Born and raised in Texas, Maritza Navarro has been living, dancing, and working in Los Angeles since 2007. She is one of the three artists in DRC’s Home Grown @ Bootleg this March, and for her, seizing this opportunity has meant jumping into things she’s never done before and discovering herself, creatively in bloom.
“And the day came when the risk to remain tight in a bud was more painful than the risk it took to blossom.” – Anaïs Nin
Influence + Process
Building on a 6-minute piece called Crossing Over, Maritza deepens her body of work as ideas evolve from simple imagery to metaphorical narrative throughout her creative process. How does the sight of a moth’s wings splayed out on a bedroom window inspire an investigation of an equally expansive body, to then explore thoughts and emotions tied to finding self and falling in love?
Maritza has set out to avoid over saturating her choreography, a tendency she often experiences in the world of commercial and contemporary dance.
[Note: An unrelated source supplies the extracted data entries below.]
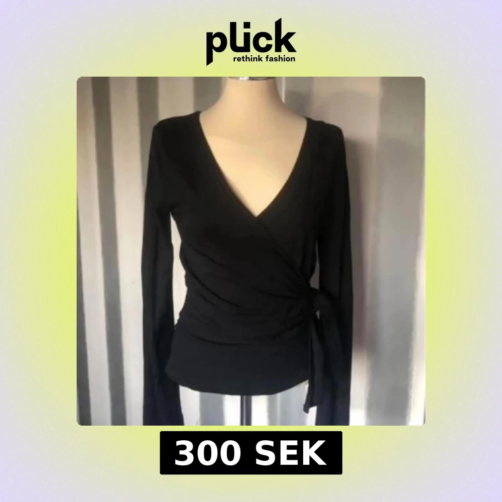 Snygg svart omlottopp med lång ärm och v-ringad hals. Toppen har ett knyt i midjan som ger en cool och figurnära passform. Materialet känns mjukt och stretchigt, perfekt för att skapa en stilren look. Passar dig som gillar minimalistisk och trendig stil.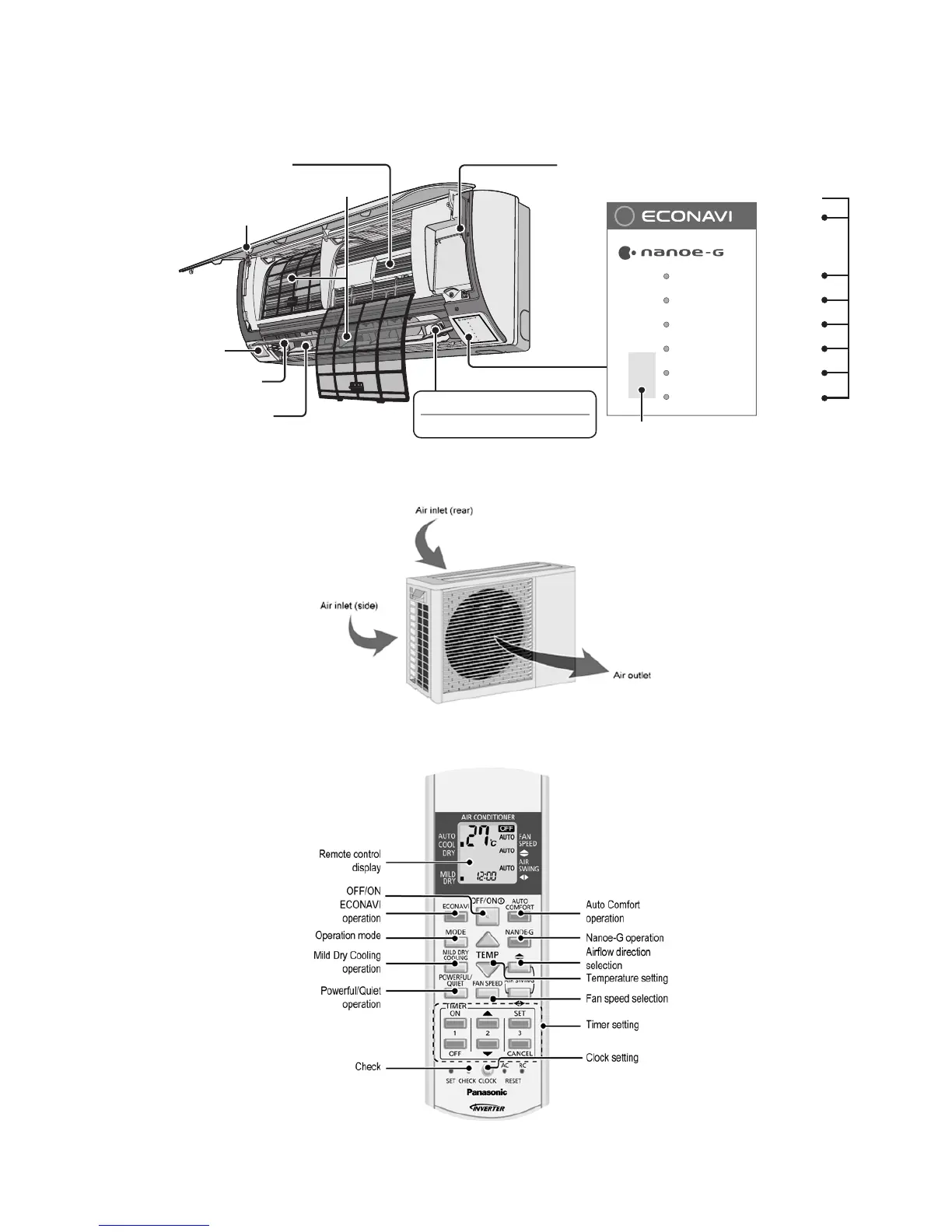 Panasonic CU-S18PKH - 3 Location of Controls and Components; Indoor Unit; Outdoor Unit; Remote Control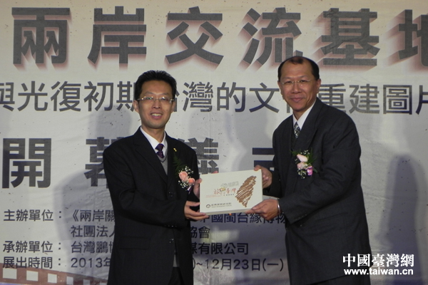 《兩岸關系》雜志社副社長鐘河林與臺南市文化協會顧問張先鵬互換禮品。(劉麗華攝)

She admitted her concern for the homogenization of dance and decided to challenge herself to be more honest with her own artistic intentions through Home Grown.
Visualization is the blue print from which Maritza works. Breaking things down in solitude is a critical next step, which is then followed by a series of rehearsals, during which she sees and adapts her movement onto her dancers. One of the more valuable lessons she talked to me about is the value of time with bodies that aren’t hers. “It’s my vocabulary articulated in a different tongue. It feels good to let someone else take my script…to let my writing go.” She elaborated on the importance of giving ownership and taking space; trying not to tell her dancers what somethingshould look like; remembering where ideas stem from and trusting that meaning that can be extracted from movement.
One of the things I’ve been reflecting on is why dance now? What does movement, action itself, convey and what about it makes it relevant and/or accessible?
Together we chatted about precision in choreographic decision making. Maritza has inquired about how the body can parallel life experience. Working literally with shapes and sizes, she tells me the body can serve as a reflection of introspection. She intends to create a blend of choreographic specificity and narrative abstraction, offering her work to the audience to experience in their own way.
When I asked her if there was anything she wanted me to keep in mind when I watch her work, she responded with two questions:
What do you see?
What is your experience?
As audience members/viewers/spectators of dance, we ingest and digest choreography with each and every performance we attend. Here we’re not only gifted with creative expression, but with an opportunity to consciously witness our own experience within that. Questions like the ones posed above can help sharpen our present awareness, fostering the freedom to think critically and reflect deeply about art. And what a treasurable and expansive gift that is.